By default, each shard of an ApsaraDB for MongoDB sharded cluster instance contains three nodes. When a node fails, the high availability system of ApsaraDB for MongoDB automatically triggers a primary/secondary failover to ensure the overall availability. You can also manually trigger a primary/secondary failover for an ApsaraDB for MongoDB instance in scenarios such as routine disaster recovery drills.
ApsaraDB for MongoDB provides connection strings for you to connect to the primary node and a secondary node. The other secondary node is hidden as a backup to ensure high availability. After you log on to the ApsaraDB for MongoDB console or call the SwitchDBInstanceHA operation to trigger a primary/secondary failover for a shard of a sharded cluster instance, ApsaraDB for MongoDB switches the roles of the primary and secondary nodes.
- You can trigger a primary/secondary failover for replica set and sharded cluster instances, but not for standalone instances due to their single-node architecture.
- You can trigger a primary/secondary failover only for shards in the running state.
- Each time you trigger a primary/secondary failover for an instance, the instance may encounter a transient connection error of about 30 seconds. We recommend that you perform this operation during off-peak hours and make sure that your applications can automatically re-establish a connection.

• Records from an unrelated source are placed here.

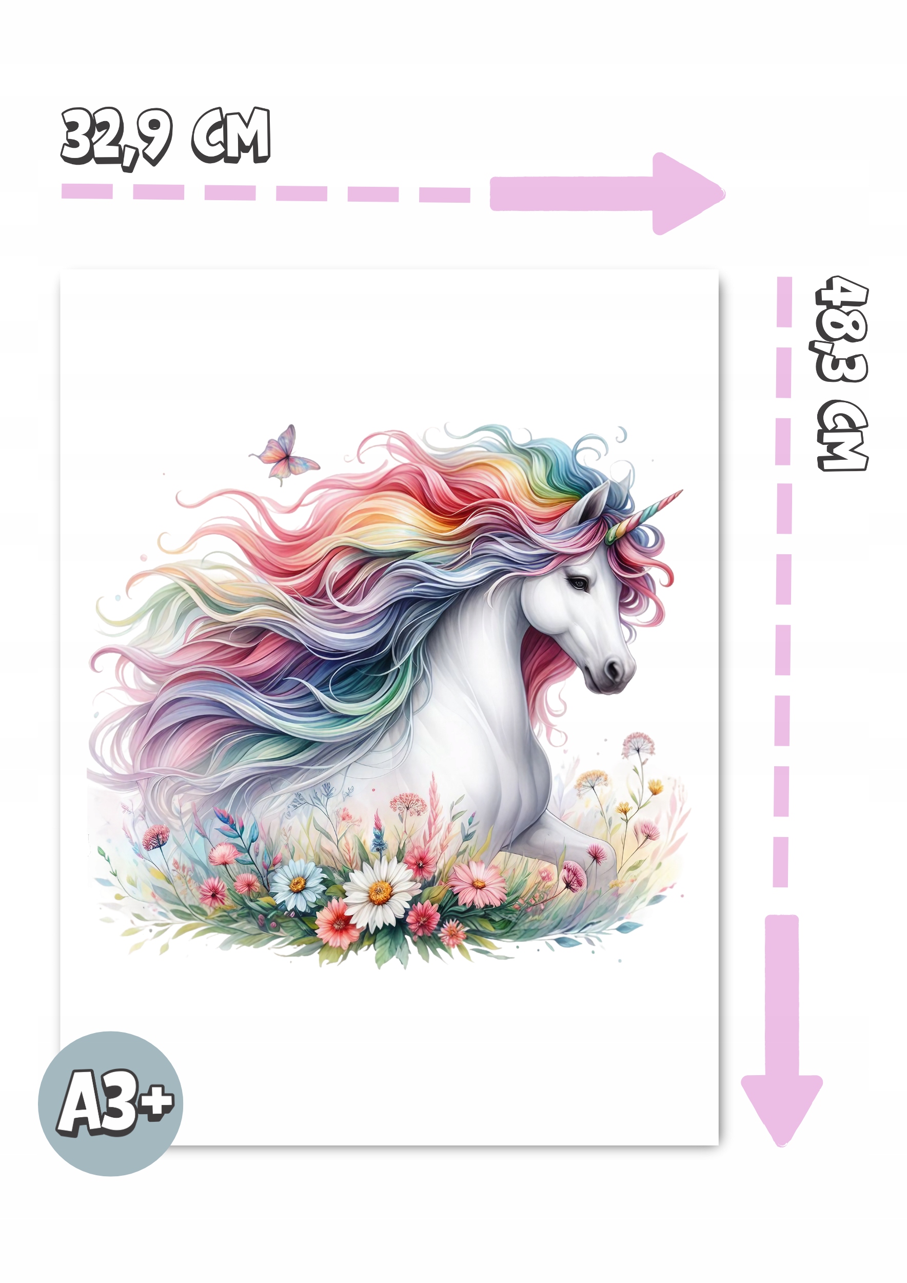 Набір з 3 постерів А3+ Персоналізація імені дитини єдиноріг, дівчинка
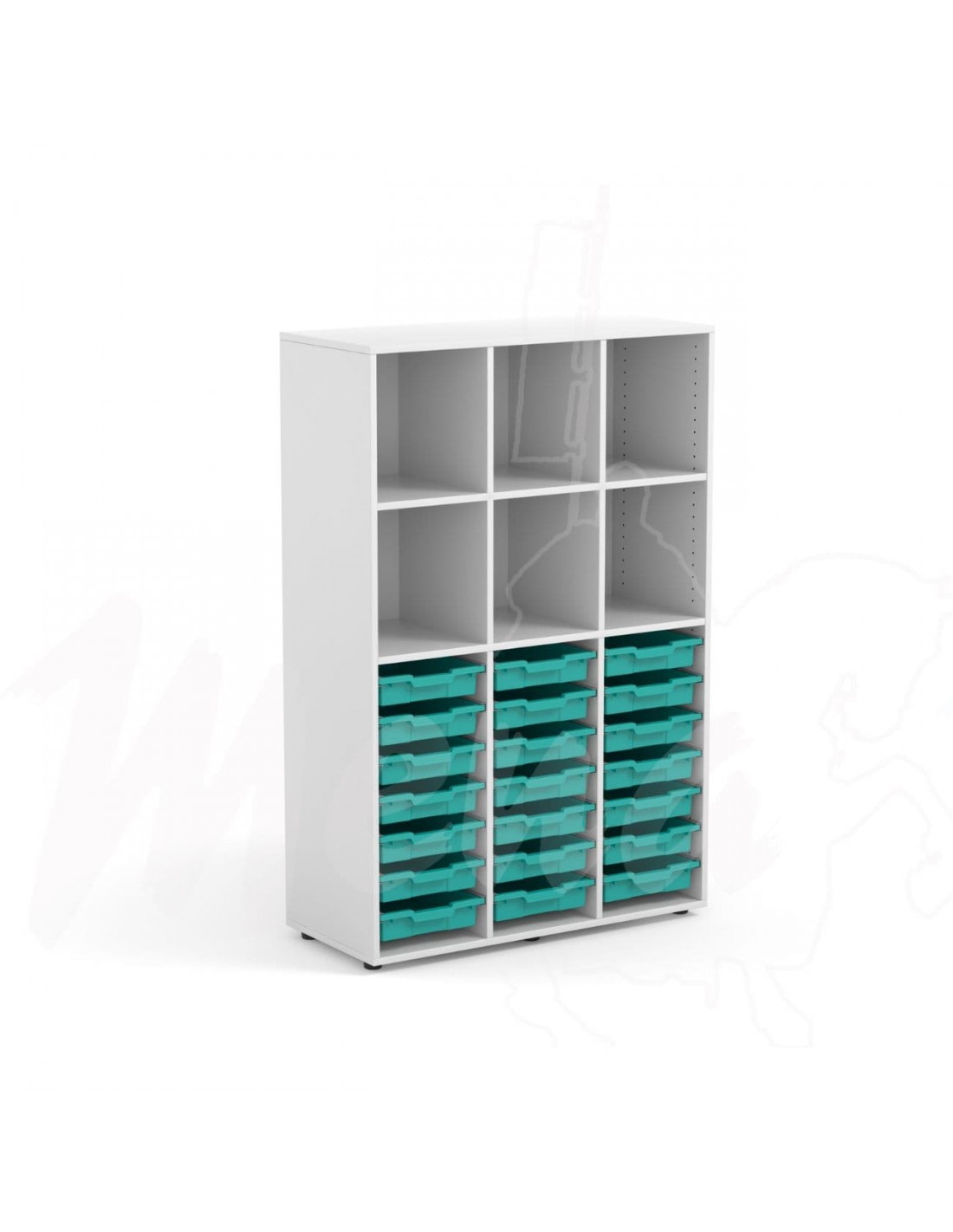 capacidad para 21 cubetas pequeñas y 6 espacios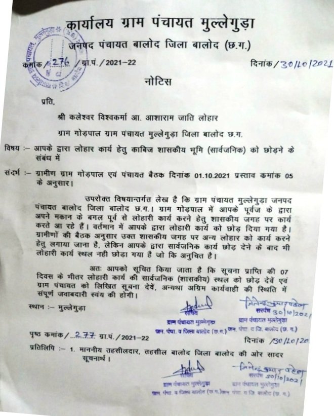 जहां पर अतिरिक्त तहसीलदार महोदय बालोद के निर्देशों का पालन करते हुए कलेश्वर विश्वकर्मा के द्वारा उक्त लोहारी दुकान को भी खाली कर दिया गया है। तथा लोहारी दुकान खाली कर दिए जाने की जानकारी अतिरिक्त तहसीलदार महोदय को फोन के माध्यम से दिया गया था। तत्पश्चात दिनांक 06 सितंबर 2024 को अतिरिक्त तहसीलदार महोदय के द्वारा किए गए समझौते की समीक्षा करने स्वयं ग्राम गोंड़पाल उपस्थित होकर ग्राम के नाई व दुकानदारों सहित ग्रामीणों को लोहार परिवार को दुकानों से समान लेने – देने तथा आपसी सहयोग करने की अपील किया था। लेकिन ग्राम के कुछ लोगों के द्वारा अब भी तहसीलदार महोदय के द्वारा किए गए अपील व दिए गए निर्देशों का उलंघन कर पीड़ित परिवार को प्रताड़ित करने में तुले हुए हैं, जिसके चलते अभी भी ग्राम गोंड़पाल में तनाव की स्थिति बनी हुई है। प्रशासन से अपेक्षा की जा रही है कि समय रहते मामले को गंभीरता पूर्वक संज्ञान में लेकर पीड़ित परिवार को तत्काल न्याय दिलाई जाए तथा मानव अधिकारों की रक्षा करें। अन्यथा मामले को लेकर कभी भी भयावह स्थिति निर्मित हो जाने से इंकार नहीं किया जा सकता। चूंकि प्रदेश में लगातार देखा जा रहा है कि प्रशासनिक अनदेखी के चलते कई गंभीर घटनाएं लगातार घटित हो रही है, जिसका पुनरावृत्ति ग्राम गोंडपाल में ना हो। अब देखना होगा कि मामले पर प्रकाश डालते हुए समाचार प्रकाशन के बाद पीड़ित परिवार को न्याय दिलाने के लिए प्रशासन क्या कुछ करती है।

- Log on to the ApsaraDB for MongoDB console.
- In the upper-left corner of the page, select the resource group and region to which the instance belongs.
- In the left-side navigation pane, click Sharded cluster instance.
- On the page that appears, find the instance that you want to manage and click its ID.
- In the Shard List section, find the shard node and choose .
You can trigger a primary/secondary failover separately for each shard node. The failover operation takes effect only for the current shard node and does not affect other shard nodes of the same sharded cluster instance.
- In the Failover dialog box, select Effective At and click Submit.Note Failover supports two types of Effective At:
- Effective Immediately: The system immediately performs a primary/secondary failover.
- Maintenance Window:The system performs a primary/secondary failover within the specified maintenance window. For more information about how to set the maintenance time, see Specify a maintenance window.
- The instance status changes to HA Switching.The failover is successful when the instance status changes back to Running.Note The failover operation is complete in about 1 minute. You can repeat the preceding procedure to trigger a primary/secondary failover for other shards of the same sharded cluster instance.